= Beginning of Section =

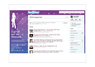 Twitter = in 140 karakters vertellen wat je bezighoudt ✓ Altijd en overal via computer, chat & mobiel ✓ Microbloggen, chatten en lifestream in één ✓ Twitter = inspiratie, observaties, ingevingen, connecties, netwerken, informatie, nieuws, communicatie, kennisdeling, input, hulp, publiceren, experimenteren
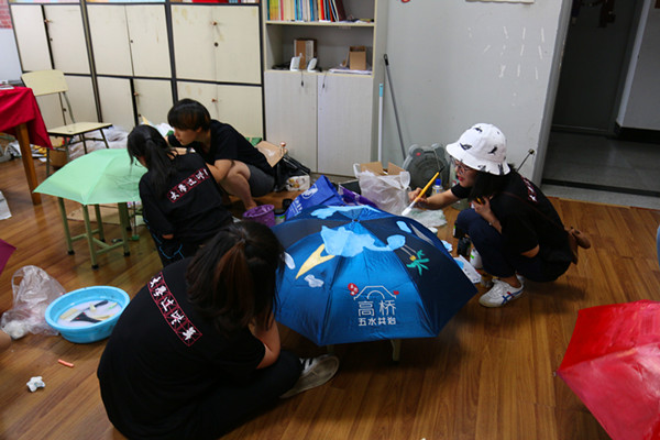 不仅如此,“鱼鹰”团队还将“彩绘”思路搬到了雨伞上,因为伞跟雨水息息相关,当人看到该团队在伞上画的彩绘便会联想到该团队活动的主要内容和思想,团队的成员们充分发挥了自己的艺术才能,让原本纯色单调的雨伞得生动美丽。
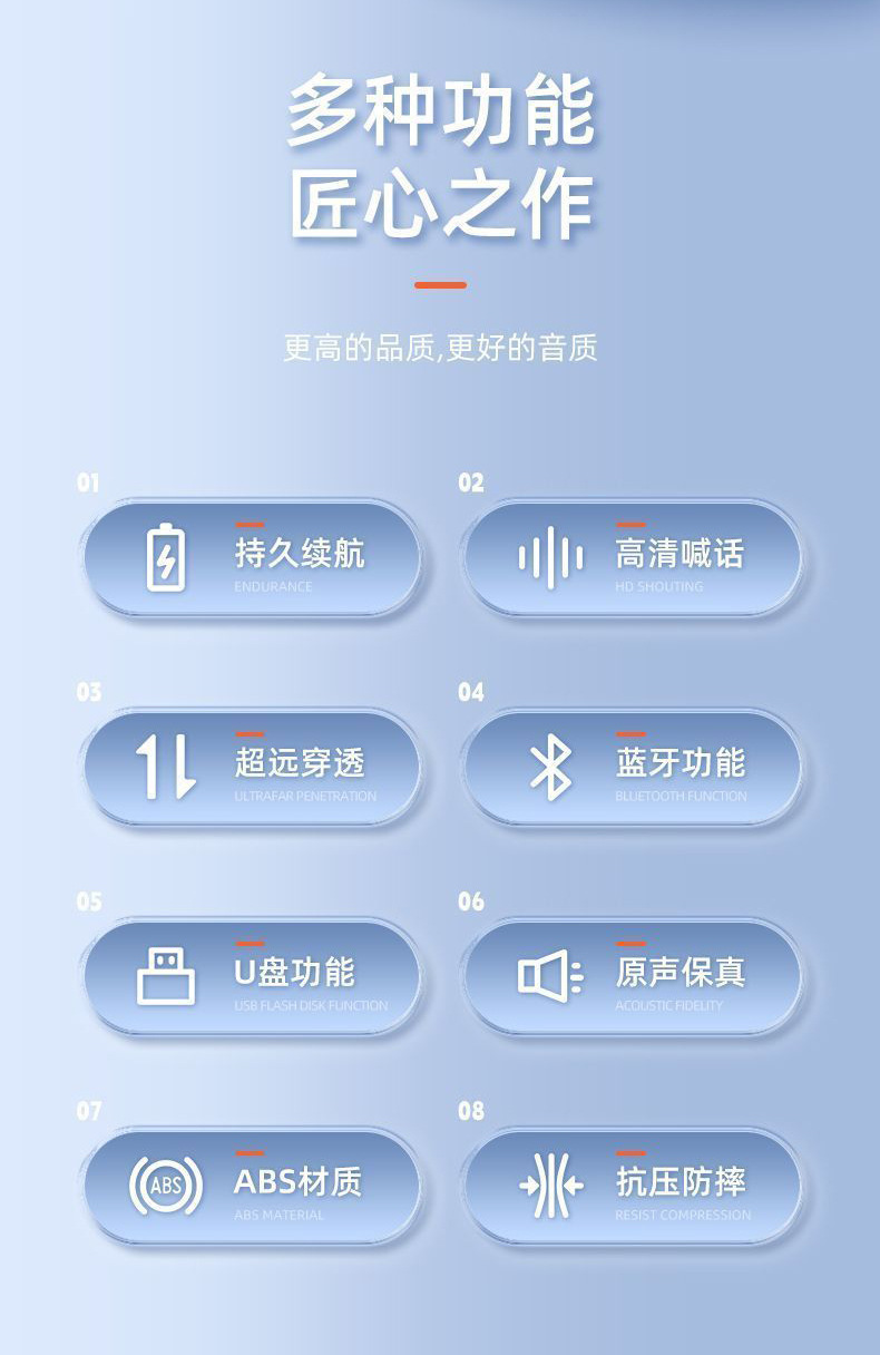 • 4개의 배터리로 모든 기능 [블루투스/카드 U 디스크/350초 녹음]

= End of Section =
= Beginning of Section =

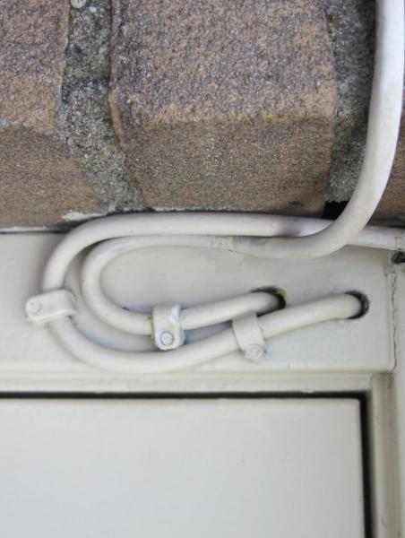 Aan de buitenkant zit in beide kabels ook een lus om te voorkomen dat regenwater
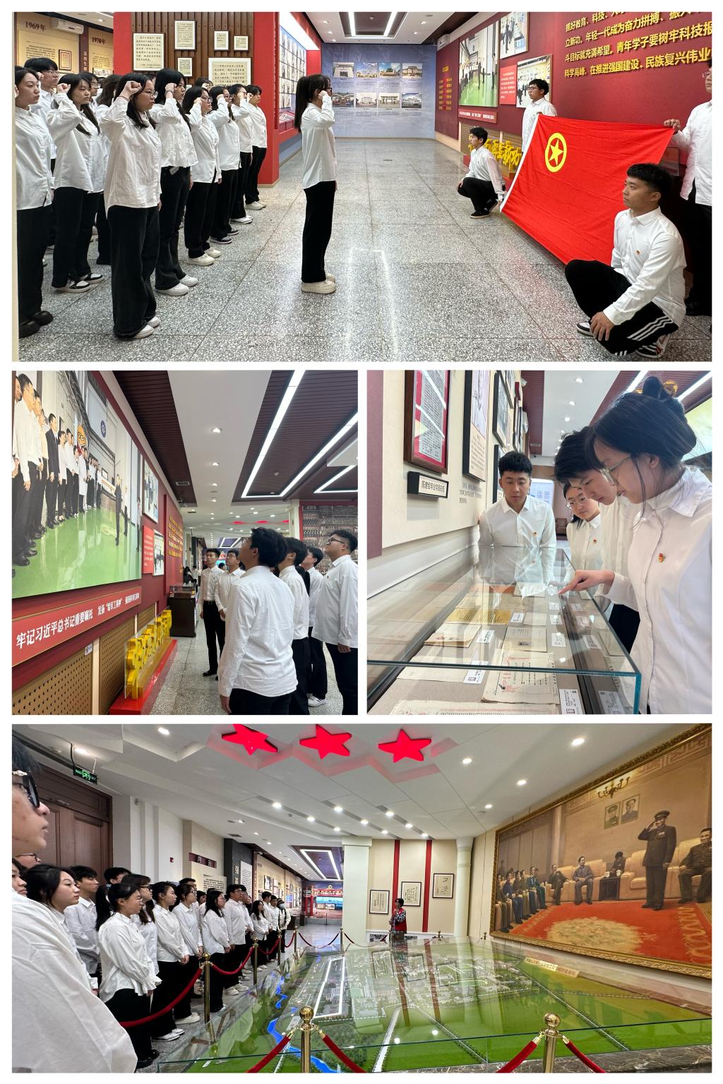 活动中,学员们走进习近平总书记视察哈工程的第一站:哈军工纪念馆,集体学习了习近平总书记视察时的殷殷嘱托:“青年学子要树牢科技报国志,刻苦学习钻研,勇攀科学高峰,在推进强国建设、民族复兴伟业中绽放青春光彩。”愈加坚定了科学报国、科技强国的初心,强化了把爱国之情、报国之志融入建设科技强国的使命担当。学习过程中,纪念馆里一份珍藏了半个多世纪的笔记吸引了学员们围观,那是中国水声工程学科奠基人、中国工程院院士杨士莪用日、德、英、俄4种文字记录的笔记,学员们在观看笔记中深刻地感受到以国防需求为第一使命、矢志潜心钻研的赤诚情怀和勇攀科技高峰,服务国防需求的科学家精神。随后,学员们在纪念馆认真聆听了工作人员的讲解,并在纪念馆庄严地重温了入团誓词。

= End of Section =

WORK REQUIRED
Find the line with "Twitter = in 140" in the entries above. Set down exactly every line from it up to and including the line with "U 디스크/350초 녹음]", images excluded.

THE COMPLETED TASK
 Twitter = in 140 karakters vertellen wat je bezighoudt ✓ Altijd en overal via computer, chat & mobiel ✓ Microbloggen, chatten en lifestream in één ✓ Twitter = inspiratie, observaties, ingevingen, connecties, netwerken, informatie, nieuws, communicatie, kennisdeling, input, hulp, publiceren, experimenteren
 不仅如此,“鱼鹰”团队还将“彩绘”思路搬到了雨伞上,因为伞跟雨水息息相关,当人看到该团队在伞上画的彩绘便会联想到该团队活动的主要内容和思想,团队的成员们充分发挥了自己的艺术才能,让原本纯色单调的雨伞得生动美丽。
 • 4개의 배터리로 모든 기능 [블루투스/카드 U 디스크/350초 녹음]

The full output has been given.